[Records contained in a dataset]

=== Section Start ===

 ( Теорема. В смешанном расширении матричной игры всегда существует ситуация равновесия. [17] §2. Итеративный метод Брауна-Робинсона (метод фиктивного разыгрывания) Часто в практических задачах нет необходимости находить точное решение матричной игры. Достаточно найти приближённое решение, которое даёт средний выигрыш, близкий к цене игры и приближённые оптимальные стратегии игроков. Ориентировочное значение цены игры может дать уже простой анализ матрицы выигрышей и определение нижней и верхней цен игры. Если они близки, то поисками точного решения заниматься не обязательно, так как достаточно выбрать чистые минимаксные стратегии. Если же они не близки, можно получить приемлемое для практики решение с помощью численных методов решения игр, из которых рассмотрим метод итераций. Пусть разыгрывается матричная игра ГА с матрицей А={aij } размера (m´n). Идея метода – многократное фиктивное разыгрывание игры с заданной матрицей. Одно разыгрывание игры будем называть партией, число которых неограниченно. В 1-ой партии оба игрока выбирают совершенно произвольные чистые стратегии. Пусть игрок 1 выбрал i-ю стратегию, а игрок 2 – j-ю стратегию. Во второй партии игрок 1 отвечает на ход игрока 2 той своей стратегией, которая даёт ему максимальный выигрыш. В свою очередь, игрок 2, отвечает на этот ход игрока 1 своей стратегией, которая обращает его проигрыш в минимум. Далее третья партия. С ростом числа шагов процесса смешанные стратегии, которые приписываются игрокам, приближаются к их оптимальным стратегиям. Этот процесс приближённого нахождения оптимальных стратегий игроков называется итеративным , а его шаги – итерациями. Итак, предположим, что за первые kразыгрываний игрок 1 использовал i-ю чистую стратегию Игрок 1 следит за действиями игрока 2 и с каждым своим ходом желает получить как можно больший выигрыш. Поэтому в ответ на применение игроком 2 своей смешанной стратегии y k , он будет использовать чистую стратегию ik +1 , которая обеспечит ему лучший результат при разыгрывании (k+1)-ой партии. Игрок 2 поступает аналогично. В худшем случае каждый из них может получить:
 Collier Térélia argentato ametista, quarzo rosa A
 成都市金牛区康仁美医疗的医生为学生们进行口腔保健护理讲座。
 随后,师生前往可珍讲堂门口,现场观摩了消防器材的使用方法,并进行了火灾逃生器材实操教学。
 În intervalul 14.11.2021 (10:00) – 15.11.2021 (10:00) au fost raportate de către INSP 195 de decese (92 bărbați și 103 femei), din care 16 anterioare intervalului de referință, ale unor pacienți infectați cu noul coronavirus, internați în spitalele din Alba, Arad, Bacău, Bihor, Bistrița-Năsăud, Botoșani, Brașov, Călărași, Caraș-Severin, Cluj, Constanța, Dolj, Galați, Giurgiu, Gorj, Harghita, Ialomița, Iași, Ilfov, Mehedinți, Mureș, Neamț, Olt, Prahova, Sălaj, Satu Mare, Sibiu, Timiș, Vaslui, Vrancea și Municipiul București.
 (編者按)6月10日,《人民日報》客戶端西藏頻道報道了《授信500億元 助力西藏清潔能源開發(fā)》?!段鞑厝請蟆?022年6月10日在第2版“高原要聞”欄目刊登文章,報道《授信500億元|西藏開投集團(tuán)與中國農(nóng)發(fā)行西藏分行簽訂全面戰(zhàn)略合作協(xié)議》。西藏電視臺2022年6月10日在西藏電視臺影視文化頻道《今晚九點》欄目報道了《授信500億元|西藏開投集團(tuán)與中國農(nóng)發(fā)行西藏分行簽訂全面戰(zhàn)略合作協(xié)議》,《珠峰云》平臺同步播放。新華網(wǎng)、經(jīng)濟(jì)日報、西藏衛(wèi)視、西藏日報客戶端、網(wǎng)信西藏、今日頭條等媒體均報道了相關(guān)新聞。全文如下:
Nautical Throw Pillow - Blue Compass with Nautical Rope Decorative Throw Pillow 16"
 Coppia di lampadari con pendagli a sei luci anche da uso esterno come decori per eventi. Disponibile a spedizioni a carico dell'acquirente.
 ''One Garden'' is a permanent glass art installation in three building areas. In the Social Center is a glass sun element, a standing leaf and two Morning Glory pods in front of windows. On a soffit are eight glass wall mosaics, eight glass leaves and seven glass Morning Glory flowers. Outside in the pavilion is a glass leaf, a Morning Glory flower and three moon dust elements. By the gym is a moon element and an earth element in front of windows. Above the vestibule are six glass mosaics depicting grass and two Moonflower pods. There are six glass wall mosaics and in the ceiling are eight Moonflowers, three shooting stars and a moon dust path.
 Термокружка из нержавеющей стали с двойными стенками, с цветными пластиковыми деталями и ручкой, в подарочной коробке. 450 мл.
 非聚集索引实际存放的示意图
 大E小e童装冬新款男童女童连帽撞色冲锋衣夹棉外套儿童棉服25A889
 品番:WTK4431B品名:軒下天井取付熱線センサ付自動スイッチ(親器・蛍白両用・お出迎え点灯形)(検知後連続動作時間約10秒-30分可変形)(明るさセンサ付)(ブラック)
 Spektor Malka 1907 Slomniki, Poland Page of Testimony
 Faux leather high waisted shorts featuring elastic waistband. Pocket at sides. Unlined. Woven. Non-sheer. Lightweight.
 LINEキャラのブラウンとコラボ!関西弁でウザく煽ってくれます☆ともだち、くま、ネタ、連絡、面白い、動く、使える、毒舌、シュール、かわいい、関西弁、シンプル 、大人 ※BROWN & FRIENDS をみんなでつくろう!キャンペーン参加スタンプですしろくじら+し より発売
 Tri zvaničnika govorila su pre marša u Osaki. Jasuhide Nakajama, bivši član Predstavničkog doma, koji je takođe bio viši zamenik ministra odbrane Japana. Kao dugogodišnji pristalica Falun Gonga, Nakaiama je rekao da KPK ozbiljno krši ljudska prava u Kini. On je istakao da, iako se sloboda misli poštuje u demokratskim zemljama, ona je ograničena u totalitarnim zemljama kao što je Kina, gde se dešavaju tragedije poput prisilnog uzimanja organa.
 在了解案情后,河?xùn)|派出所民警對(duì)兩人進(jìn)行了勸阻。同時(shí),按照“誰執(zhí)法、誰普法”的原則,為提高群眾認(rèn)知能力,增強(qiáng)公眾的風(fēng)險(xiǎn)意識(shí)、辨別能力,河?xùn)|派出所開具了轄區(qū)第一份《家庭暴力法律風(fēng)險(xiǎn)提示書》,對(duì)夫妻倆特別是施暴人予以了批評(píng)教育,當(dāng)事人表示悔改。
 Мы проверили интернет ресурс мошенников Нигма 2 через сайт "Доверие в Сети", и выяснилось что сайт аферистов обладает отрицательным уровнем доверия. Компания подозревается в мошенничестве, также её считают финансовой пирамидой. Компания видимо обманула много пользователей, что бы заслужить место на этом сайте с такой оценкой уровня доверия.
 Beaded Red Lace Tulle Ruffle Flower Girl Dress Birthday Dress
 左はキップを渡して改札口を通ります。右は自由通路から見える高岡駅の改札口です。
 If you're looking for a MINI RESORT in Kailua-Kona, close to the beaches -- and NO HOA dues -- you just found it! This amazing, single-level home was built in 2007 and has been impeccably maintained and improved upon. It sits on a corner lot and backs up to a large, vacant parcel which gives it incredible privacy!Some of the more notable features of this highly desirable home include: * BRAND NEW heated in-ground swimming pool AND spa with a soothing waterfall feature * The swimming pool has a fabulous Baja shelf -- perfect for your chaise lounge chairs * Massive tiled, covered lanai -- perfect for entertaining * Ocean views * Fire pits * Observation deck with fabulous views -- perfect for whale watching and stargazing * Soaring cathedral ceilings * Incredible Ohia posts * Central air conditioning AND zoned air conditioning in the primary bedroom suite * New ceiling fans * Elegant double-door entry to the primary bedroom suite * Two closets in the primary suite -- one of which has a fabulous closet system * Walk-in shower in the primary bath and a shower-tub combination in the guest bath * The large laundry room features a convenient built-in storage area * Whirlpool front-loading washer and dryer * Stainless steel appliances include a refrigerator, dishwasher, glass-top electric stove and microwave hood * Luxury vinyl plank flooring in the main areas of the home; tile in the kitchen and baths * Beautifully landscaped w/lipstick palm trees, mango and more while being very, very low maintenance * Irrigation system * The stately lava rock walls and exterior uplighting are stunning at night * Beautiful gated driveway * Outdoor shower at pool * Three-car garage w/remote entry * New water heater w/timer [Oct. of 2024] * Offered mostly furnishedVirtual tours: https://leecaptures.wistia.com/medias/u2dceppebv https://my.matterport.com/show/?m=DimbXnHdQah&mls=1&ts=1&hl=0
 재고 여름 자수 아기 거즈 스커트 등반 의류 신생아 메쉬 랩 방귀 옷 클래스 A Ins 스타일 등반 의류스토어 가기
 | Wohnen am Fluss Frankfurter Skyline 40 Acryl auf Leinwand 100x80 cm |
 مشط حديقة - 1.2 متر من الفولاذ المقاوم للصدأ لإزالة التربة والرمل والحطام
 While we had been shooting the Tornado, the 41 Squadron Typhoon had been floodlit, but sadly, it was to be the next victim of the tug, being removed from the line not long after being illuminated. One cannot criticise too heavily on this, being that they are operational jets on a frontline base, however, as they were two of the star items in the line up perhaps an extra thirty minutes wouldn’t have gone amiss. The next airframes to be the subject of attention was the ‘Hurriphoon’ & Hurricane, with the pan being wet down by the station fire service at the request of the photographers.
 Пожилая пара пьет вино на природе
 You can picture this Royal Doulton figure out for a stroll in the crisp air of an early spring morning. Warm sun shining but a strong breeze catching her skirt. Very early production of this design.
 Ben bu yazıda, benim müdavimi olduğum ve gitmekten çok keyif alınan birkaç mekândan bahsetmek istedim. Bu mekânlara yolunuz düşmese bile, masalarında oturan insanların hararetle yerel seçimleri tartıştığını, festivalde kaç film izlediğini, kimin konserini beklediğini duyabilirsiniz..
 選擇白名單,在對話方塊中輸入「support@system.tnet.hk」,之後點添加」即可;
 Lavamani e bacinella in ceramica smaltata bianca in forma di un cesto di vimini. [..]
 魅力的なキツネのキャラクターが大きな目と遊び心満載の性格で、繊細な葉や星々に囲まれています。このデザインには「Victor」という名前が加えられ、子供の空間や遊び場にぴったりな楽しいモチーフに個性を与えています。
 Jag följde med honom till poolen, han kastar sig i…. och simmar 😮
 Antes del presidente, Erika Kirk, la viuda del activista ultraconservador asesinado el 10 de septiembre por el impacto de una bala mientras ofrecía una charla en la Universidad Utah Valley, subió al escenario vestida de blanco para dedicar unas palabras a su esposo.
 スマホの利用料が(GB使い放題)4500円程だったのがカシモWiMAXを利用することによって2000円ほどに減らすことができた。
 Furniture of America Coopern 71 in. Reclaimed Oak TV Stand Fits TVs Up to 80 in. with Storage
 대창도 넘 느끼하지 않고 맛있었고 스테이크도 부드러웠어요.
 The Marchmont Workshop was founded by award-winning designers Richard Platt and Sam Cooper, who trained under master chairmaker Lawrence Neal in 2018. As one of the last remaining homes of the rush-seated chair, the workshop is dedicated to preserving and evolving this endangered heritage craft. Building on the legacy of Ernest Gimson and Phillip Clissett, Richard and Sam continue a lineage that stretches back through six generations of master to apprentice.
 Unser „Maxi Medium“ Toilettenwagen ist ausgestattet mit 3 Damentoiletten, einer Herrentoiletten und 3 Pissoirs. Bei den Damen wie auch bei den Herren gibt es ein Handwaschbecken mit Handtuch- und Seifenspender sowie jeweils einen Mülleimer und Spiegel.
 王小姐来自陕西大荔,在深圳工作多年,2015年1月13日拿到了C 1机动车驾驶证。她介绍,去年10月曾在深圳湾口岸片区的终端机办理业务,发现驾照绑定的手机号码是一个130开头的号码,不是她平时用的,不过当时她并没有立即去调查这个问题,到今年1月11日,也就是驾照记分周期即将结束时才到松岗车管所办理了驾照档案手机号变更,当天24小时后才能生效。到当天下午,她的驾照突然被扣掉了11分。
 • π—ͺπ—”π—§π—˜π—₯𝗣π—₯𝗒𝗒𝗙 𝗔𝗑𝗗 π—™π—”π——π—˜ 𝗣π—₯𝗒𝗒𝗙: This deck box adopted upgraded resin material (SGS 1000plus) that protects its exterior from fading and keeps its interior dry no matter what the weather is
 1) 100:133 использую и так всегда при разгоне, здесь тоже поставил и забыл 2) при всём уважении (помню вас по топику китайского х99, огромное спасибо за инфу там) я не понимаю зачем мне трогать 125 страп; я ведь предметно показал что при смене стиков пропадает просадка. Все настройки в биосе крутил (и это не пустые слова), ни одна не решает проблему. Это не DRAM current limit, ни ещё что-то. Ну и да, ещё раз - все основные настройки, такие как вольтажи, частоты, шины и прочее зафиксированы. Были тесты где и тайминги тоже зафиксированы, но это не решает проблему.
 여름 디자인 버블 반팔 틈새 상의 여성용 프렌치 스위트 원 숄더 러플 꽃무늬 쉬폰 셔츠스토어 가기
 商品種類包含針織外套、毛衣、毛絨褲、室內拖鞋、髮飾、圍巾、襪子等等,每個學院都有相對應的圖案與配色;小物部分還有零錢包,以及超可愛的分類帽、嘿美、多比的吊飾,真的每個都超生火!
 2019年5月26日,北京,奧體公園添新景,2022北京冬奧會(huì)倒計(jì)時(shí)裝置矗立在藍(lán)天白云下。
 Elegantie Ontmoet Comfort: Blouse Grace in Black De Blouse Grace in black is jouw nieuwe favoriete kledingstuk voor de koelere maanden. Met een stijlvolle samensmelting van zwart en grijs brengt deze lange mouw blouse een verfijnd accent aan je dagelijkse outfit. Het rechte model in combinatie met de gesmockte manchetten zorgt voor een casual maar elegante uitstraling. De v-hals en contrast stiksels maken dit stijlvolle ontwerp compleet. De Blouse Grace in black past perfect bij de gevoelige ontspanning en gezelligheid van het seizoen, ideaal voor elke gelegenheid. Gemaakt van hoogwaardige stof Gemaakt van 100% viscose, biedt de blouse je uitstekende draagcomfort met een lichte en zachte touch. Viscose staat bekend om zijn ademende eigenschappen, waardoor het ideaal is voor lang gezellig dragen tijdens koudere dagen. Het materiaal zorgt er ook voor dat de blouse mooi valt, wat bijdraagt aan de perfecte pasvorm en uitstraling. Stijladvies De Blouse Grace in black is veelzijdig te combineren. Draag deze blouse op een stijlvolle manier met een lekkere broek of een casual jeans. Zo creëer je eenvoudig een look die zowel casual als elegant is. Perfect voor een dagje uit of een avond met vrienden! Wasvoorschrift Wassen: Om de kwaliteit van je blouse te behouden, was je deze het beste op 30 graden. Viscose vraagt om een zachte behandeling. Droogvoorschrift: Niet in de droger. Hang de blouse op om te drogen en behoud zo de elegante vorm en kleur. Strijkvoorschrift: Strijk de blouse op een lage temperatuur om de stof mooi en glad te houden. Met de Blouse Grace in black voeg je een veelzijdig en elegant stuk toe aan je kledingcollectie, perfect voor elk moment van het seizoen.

=== Section End ===

- **Activity**:
Above are records; repeat only the lines starting at the line with "Faux leather high" and ending at the line with "左はキップを渡して改札口を通ります。右は自由通路から見える高岡駅の改札口です。", exactly as they appear, both included.

- **Task solution**:
 Faux leather high waisted shorts featuring elastic waistband. Pocket at sides. Unlined. Woven. Non-sheer. Lightweight.
 LINEキャラのブラウンとコラボ!関西弁でウザく煽ってくれます☆ともだち、くま、ネタ、連絡、面白い、動く、使える、毒舌、シュール、かわいい、関西弁、シンプル 、大人 ※BROWN & FRIENDS をみんなでつくろう!キャンペーン参加スタンプですしろくじら+し より発売
 Tri zvaničnika govorila su pre marša u Osaki. Jasuhide Nakajama, bivši član Predstavničkog doma, koji je takođe bio viši zamenik ministra odbrane Japana. Kao dugogodišnji pristalica Falun Gonga, Nakaiama je rekao da KPK ozbiljno krši ljudska prava u Kini. On je istakao da, iako se sloboda misli poštuje u demokratskim zemljama, ona je ograničena u totalitarnim zemljama kao što je Kina, gde se dešavaju tragedije poput prisilnog uzimanja organa.
 在了解案情后,河?xùn)|派出所民警對(duì)兩人進(jìn)行了勸阻。同時(shí),按照“誰執(zhí)法、誰普法”的原則,為提高群眾認(rèn)知能力,增強(qiáng)公眾的風(fēng)險(xiǎn)意識(shí)、辨別能力,河?xùn)|派出所開具了轄區(qū)第一份《家庭暴力法律風(fēng)險(xiǎn)提示書》,對(duì)夫妻倆特別是施暴人予以了批評(píng)教育,當(dāng)事人表示悔改。
 Мы проверили интернет ресурс мошенников Нигма 2 через сайт "Доверие в Сети", и выяснилось что сайт аферистов обладает отрицательным уровнем доверия. Компания подозревается в мошенничестве, также её считают финансовой пирамидой. Компания видимо обманула много пользователей, что бы заслужить место на этом сайте с такой оценкой уровня доверия.
 Beaded Red Lace Tulle Ruffle Flower Girl Dress Birthday Dress
 左はキップを渡して改札口を通ります。右は自由通路から見える高岡駅の改札口です。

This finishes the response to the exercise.